Cochabamba, jueves 26 de abril de 2018
MIRADAS ANTROPOLÓGICAS

Corazón o cerebro

| | 09 ene 2018

¿Se ama con el corazón o con el cerebro? Aunque no lo crean, la ciencia también se ha ocupado del tema. La antropóloga y bióloga Helen Fisher, con el fin de entender la complejidad del sentimiento del amor, investigó los mecanismos cerebrales que se enredan en el proceso del enamoramiento. Para tal fin, escanearon cerebros de personas enamoradas con el objetivo de observar si hay activación en alguna zona cerebral. Al realizar las pruebas, se pidió a los participantes del estudio dos fotografías: una de la persona amada y otra sin ningún significado. Una vez que la persona era introducida dentro del escáner cerebral, primero se le mostraba en la pantalla la fotografía del supuesto amor durante unos segundos, mientras, el escáner registraba el flujo sanguíneo en distintas regiones del cerebro. Después se pedía a los individuos que observaran un número aleatorio, y luego debían restarlo de siete en siete, para luego mirar la fotografía neutra donde se le volvería a realizar un escáner. Esto se repetía varias veces para obtener un número significativo de imágenes del cerebro y así asegurar la consistencia de lo que se obtenía mientras se miraban ambas fotografías.

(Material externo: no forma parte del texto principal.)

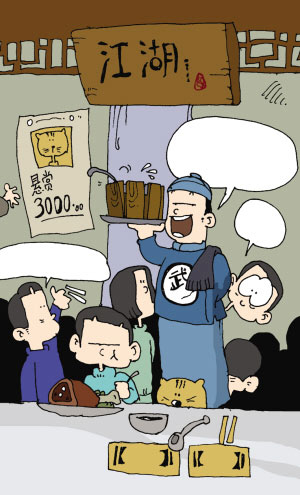 滿嘴“武俠風(fēng)”的“店小二兒”“怪話連篇”,這家飯店沒(méi)有菜單,客人一落座,店小二兒就會(huì)找來(lái)“二掌柜”的“切磋切磋”,也就是幫客人安排飯菜。在店里,用餐是“加點(diǎn)功力”,手中的筷子是“雙截棍”,牙簽是“暗器”,餐巾紙叫做“抹布”,羹匙是“小李飛刀”。除了給餐廳里的餐具、用品起了新名字之外,在與客人對(duì)話時(shí),“店小二兒”嘴里說(shuō)的也沒(méi)幾句“普通話”。上菜時(shí),“店小二兒”高喊:“‘古墓派’添點(diǎn)‘功力’,木桶羊肉——‘九陽(yáng)神功’一份。”客人詢問(wèn)“木桶飯”的價(jià)格,“店小二兒”表示:“一桶五兩碎銀子”。找給客人的零錢(qián),店小二兒稱(chēng)這是“大俠遠(yuǎn)行的盤(pán)纏”。客人臨走時(shí),全店的“小二兒”都會(huì)一起高喊:“青山不改,綠水長(zhǎng)流,后會(huì)有期,恕不遠(yuǎn)送。”

Eran varias partes del cerebro de los enamorados que reaccionaban durante el experimento. Sin embargo, parece ser que hay dos regiones que revisten una importancia especial en la sublime experiencia de estar enamorado. Y en efecto, estas zonas del cerebro se tornan especialmente activas cuando un amante mira la foto del ser amado.

A partir de su estudio, Fisher cambió radicalmente el modo de pensar sobre el amor. Antes se consideraba que el amor implicaba una gama de distintas emociones que abarcaban desde la euforia hasta la desesperación. Tras el estudio, se llega a la conclusión de que el amor es un poderoso sistema de motivación, un impulso básico de emparejamiento. Pero, ¿por qué es un impulso y no una emoción o una gama de emociones? La pasión es difícil que desaparezca como cualquier otro impulso, como el hambre, la sed, etc., además de que es complicado de controlar, a diferencia de las emociones. Pues bien, todo lo señalado se relaciona con el amor romántico o enamoramiento, esas mariposas en el estómago cuando se piensa en el ser amado.

Para Fisher, el amor romántico evolucionó en el cerebro para orientar toda nuestra atención y motivación sobre una persona específica. Pero esto no termina aquí. Para volver más complejo el amor, este sistema cerebral que genera una fuerza tan intensa como el amor romántico, también se encuentra intrínsecamente relacionado con otros dos impulsos básicos para el apareamiento: el deseo sexual y la necesidad de establecer un apego profundo con la pareja. La duda es, por qué se sigue amando cuando el amor no es correspondido.

No obstante, independientemente que el amor romántico, el deseo sexual y el apego suceden tal como se explicó, no necesariamente sigue ese orden. Del mismo modo, el sentimiento de cariño hacia un amigo puede irrumpir en amor intenso. Inclusive es posible sentir atracción sexual por una persona, amor romántico por otra y un profundo apego por otra diferente. Con todo, esta sugerente teoría abre puertas en el intento de explicar otra conducta en este enredo: la infidelidad.